Белый лебедь - Страница 61
— Грейсон!
Эммелайн бросилась к нему, повисла у него на руке, изо всех сил стараясь его оттащить. Но он не замечал ее. Давно сдерживаемая ярость вырвалась на волю, обволакивая его и сводя с ума. Но его это не остановило.
Он еще крепче сжал пальцы, и человек побагровел, задыхаясь.
— Грейсон, ты делаешь ему больно!
— Стараюсь, — буркнул он. Эммелайн побледнела.
— Тогда тебе придется причинить боль и мне, потому что я так же виновата, как и Ричард.
Ричард.
Это имя резануло его. Она зовет его по имени. Значит — близость.
Грейсон взревел и разжал руки. Дыхание вылетало из его груди короткими прерывистыми залпами. Он медленно перевел взгляд с матери на незнакомца.

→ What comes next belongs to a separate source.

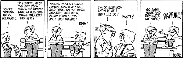 “Mark my word, if and when these preachers get control of the [Republican] party, and they’re sure trying to do so, it’s going to be a terrible damn problem. Frankly, these people frighten me. Politics and governing demand compromise. But these Christians believe they are acting in the name of God, so they can’t and won’t compromise. I know, I’ve tried to deal with them.” November, 1994, in John Dean, Conservatives Without Conscience.
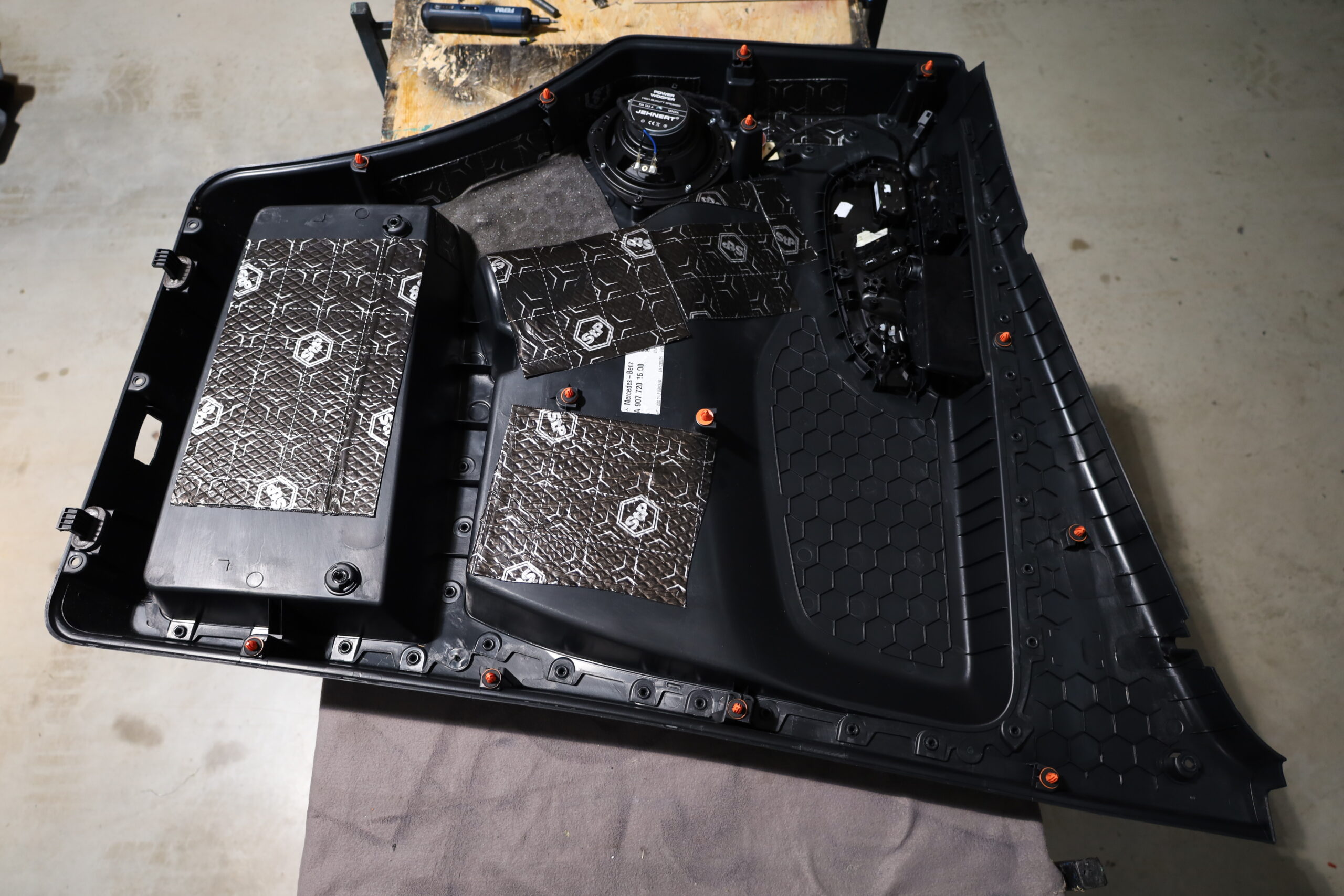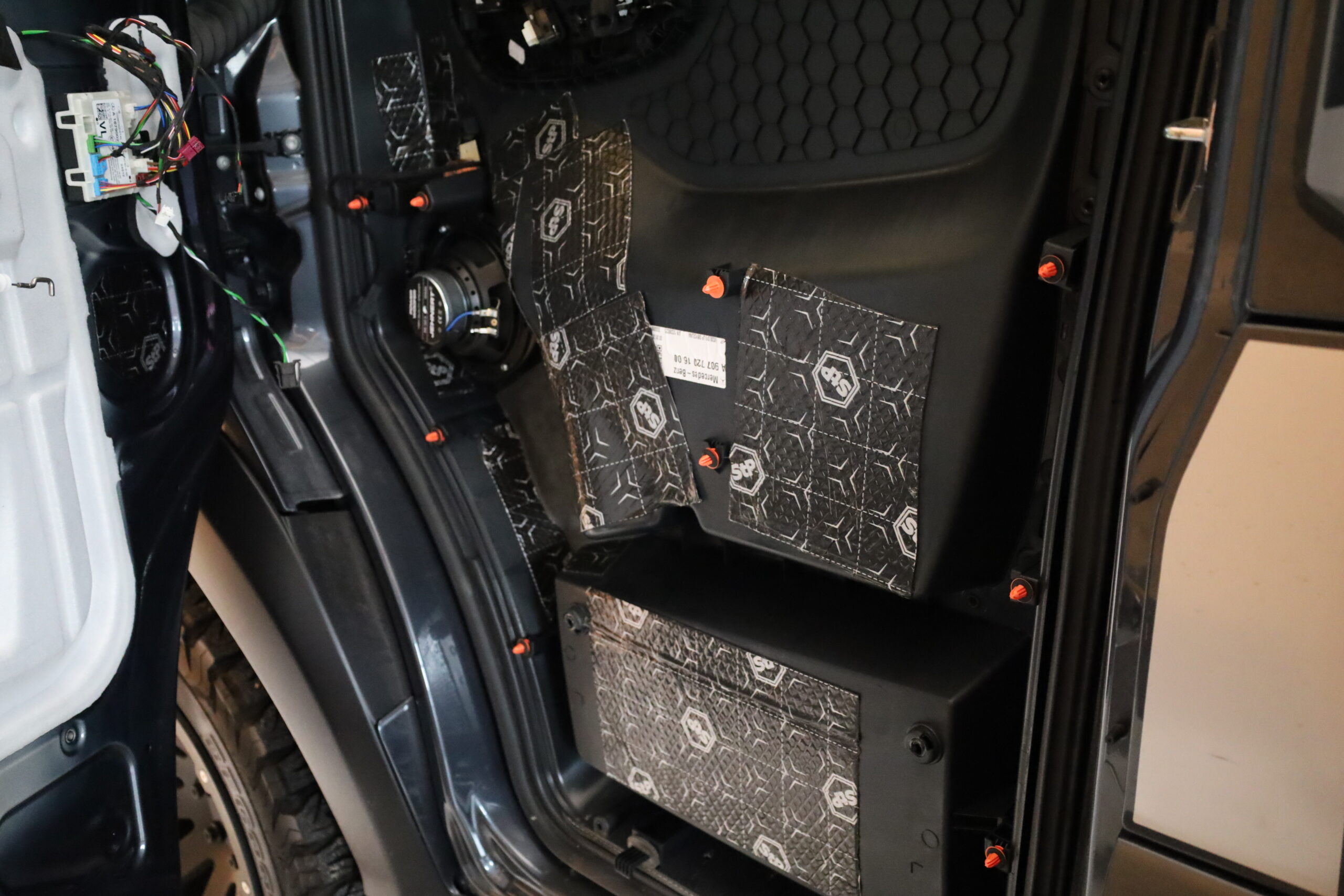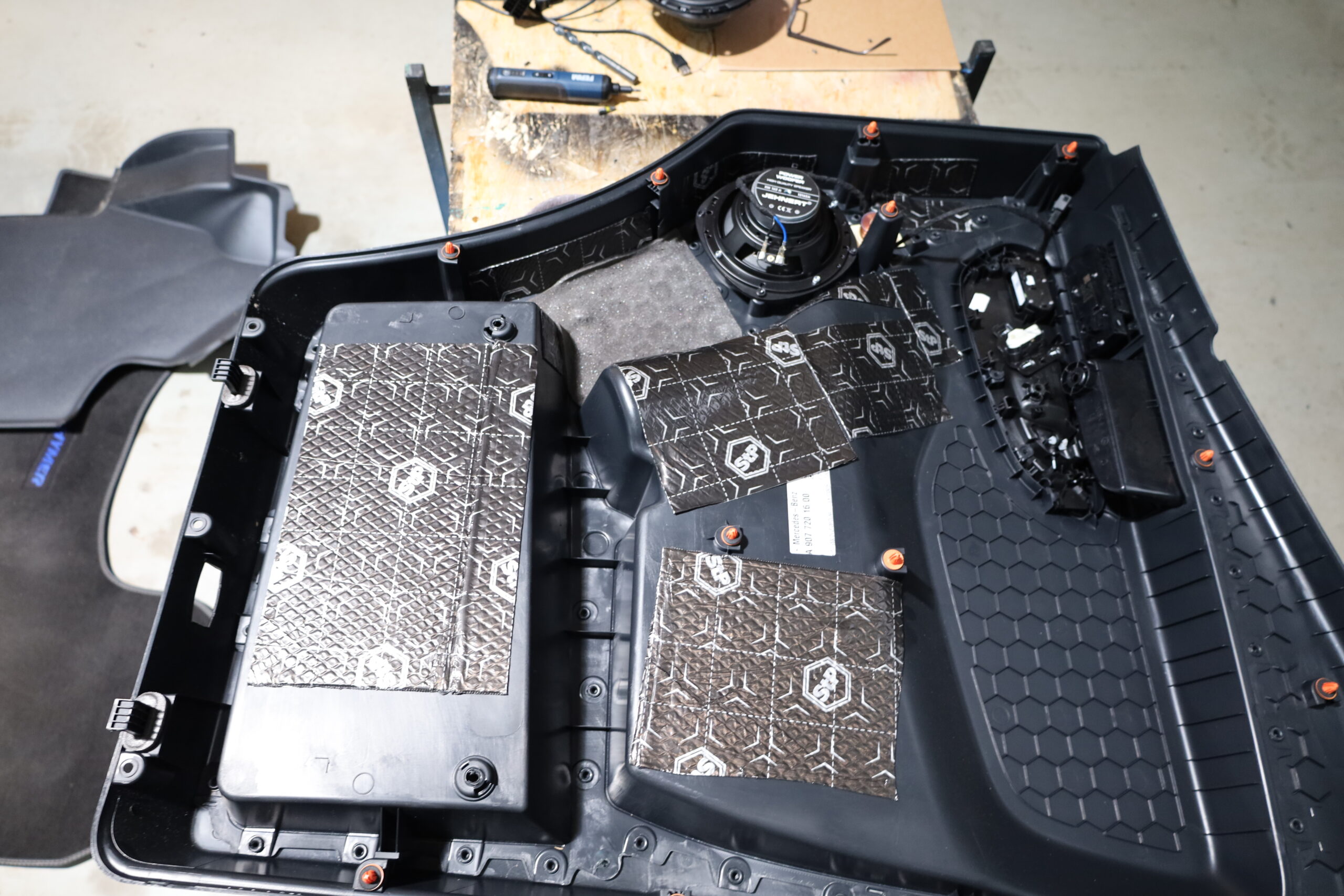 Für das Bassfundament kam ein HELIX IK W8 DVC 2×2 Ohm Subwoofer zum Einsatz. Zusätzlich wurden die Fahrzeugtüren sorgfältig gedämmt, um störende Vibrationen und Resonanzen zu minimieren und die Klangqualität zu optimieren.

— Держитесь от нее подальше, — прошипел он. — Иначе в другой раз вы так дешево не отделаетесь.
Ричард тяжело съехал по стене, сжимая руками горло. Не глядя на него, Грейсон властно взял мать за руку и вывел из комнаты, потом из гостиницы. Точно рассерженный родитель, уводящий дочь — прогульщицу, он втолкнул ее в экипаж. Оказавшись в карете, Эммелайн выдернула руку.
— Грейсон Хоторн, мне не три года! — Он хмуро взглянул на нее.
— Я знаю. Вы моя мать. — Она отвела взгляд.
— Как бы то ни было, ведь ничего же не случилось. По крайней мере серьезного.
— Я нахожу вас в номере гостиницы наедине с мужчиной, не являющимся вашим мужем, и вы утверждаете, что это несерьезно?
Она посмотрела на него тяжелым взглядом и вздохнула:
— Ах, Грейсон, жизнь состоит не только из белого и черного цветов. В ней порой встречаются серые оттенки, в которых ты никогда не пытался разобраться.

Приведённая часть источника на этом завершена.